Meet Caledon resident Lois Campbell at a community event, and you would never guess her exotic past. Many of us have interesting family histories that brought us to Caledon. Lois has an amazing story, involving deprivation and privilege, spanning the globe, including Russia, China, Britain and Canada.

The 30's Glamour Days

The story starts in the early 20th century in Victoria, British Columbia, where the Robbins family had moved from Taber, Alberta. Don Robbins was born there, to a family that originally came from England in the late 19th century. His father became an accountant for the Swift’s (meat) company in Victoria, where Don first went to high school and then studied architecture. After graduating he worked on a number of Tudor-style homes in Victoria, some of which are still standing. Then the Depression hit and the jobs dried up.

Don Robbins did what a lot of young men in the era did. He “went west.” It was a move which would change his life dramatically. West in his case meant Shanghai, China, where he heard there were opportunities. For three months he bunked in with other “expats” until he landed a job. What did he buy with his first paycheque? A tuxedo!

Shanghai was the “Paris of the East” in the 1930s and the place to be. Don really needed the tux, as Shanghai had a glamorous “nightclub” lifestyle, in which he was expected to participate. Some of the world’s best jazz bands and singers performed there. The centre of action and the most exclusive club was the Shanghai Club, a private British men’s club during the heyday of the 1920s and 1930s. Even US President Ulysses Grant was hosted there when he visited Shanghai in 1879. Last year the club was restored and reopened as a luxury hotel, the Waldorf Astoria Shanghai.

Shanghai was an international “treaty” port, one of five established in 1842 by the infamous Treaty of Nanking at the end of the First Anglo-Chinese War, popularly known as the First Opium War. Originally the British, Americans and French also established sectors, followed by other powers including Germany and Japan, in what became the Shanghai International Settlement.

Don’s first job was with the British government in tropical disease control, the extensive knowledge of which would ironically be useful in other ways in the coming years. Before starting work every day, he went for 6:00 am lessons in Chinese, first Shanghainese and then Cantonese. Chinese speakers told Lois that his dedication to proficiency helped him to become totally accent free.

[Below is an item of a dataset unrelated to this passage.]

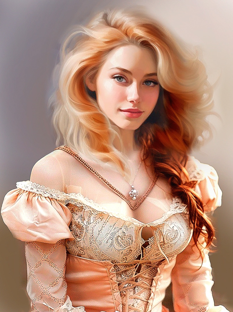 Девица сидела за столом, одетая в нежно-персиковое платье. В первый миг генерал застыл, утонув взглядом в ее декольте. Потом прокашлялся, оттягивая ворот, и решительно шагнул внутрь.
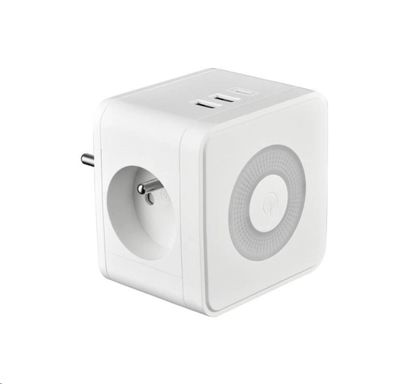 Viking síťový adaptér Y23L, 2x 230 V, 1x USB-A, 2x USB-C, dotykové světlo, bílá

It was against this backdrop that Don met Lois’ mother, Mura Gorenstein, who was born in Khabarovsk, Russia. Originating in Belarus, and White Russians in origin, her family had fled the poverty to Khabarovsk, near the Chinese border, to work on the Trans Siberian Railway. Somewhere along the way, the younger of Mura’s two sisters was abducted by Cossacks and never seen again. Mura later moved to nearby Haerbin, China, where they had relatives. Don said the Shanghai nightclubs were populated by beautiful, but desperate, young Russian women seeking to marry a “passport out.” (The 1967 movie, “The Countess from Hong Kong,” starring Marlon Brando and Sophia Loren, directed by Charlie Chaplin, uses this situation for the movie plot) Don met Mura at a dinner party when she was 16 and staying with relatives. By age 21, Mura had found a job, moved to Shanghai, and married Don in 1937. She knew no English, only Russian, German and Mandarin, and Don knew no Russian, only English, Shanghainese and Cantonese, but that didn’t seem to matter!

The Good Times Ended

During this time, the Japanese were slowly advancing through China, and by 1937 they were on Shanghai’s doorstep. The Second Sino-Japanese War started in July and it lasted until September, 1945. Because of Japanese agreements with Nazi Germany, and the German contingent present, they had not yet entered the Shanghai International Settlement.

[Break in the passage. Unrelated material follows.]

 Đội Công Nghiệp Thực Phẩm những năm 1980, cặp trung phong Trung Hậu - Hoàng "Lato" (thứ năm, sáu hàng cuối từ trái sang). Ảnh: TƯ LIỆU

In September 1940, Don was sent to Hong Kong along with his colleagues, working for the British government, and Mura remained in Shanghai. That summer, any families or dependents were advised to leave Shanghai and go home, or elsewhere. Mura had nowhere to return; besides, she was pregnant with Lois! In June of 1941, just after Lois’ birth and before the Japanese entry into the International Community, Mura with baby Lois and a girlfriend found themselves in the curious position of smuggling themselves on board a ship to Macau, a Portuguese colony. From Macau they all showed up on Don’s doorstep in Hong Kong, once more having smuggled themselves. Nothing more could be said by anyone, as they were there!

With all the publicity given to Pearl Harbour, few people are aware of the attack and ferocity of fighting and losses elsewhere which far exceeded those in Hawaii. Within hours of attacking Pearl Harbour, on the early morning of Dec. 8, 1941, a Japanese bomber squadron also attacked Hong Kong. Thus began the Battle of Hong Kong. About 3,000 non-Chinese military representing the Allied Powers were present. Nearly 2,000 Canadian troops had arrived in November of 1941 with only light arms (the heavy equipment never arrived in time) and, with regular forces and volunteers, the defenders numbered less than 15,000. A last counterattack was made by the Canadians on Christmas Eve. Overwhelmed by sheer numbers seventeen days after the initial attack, Hong Kong surrendered on Christmas Day. At least 4,500 were killed (almost 300 were Canadians) and nearly 500 were wounded.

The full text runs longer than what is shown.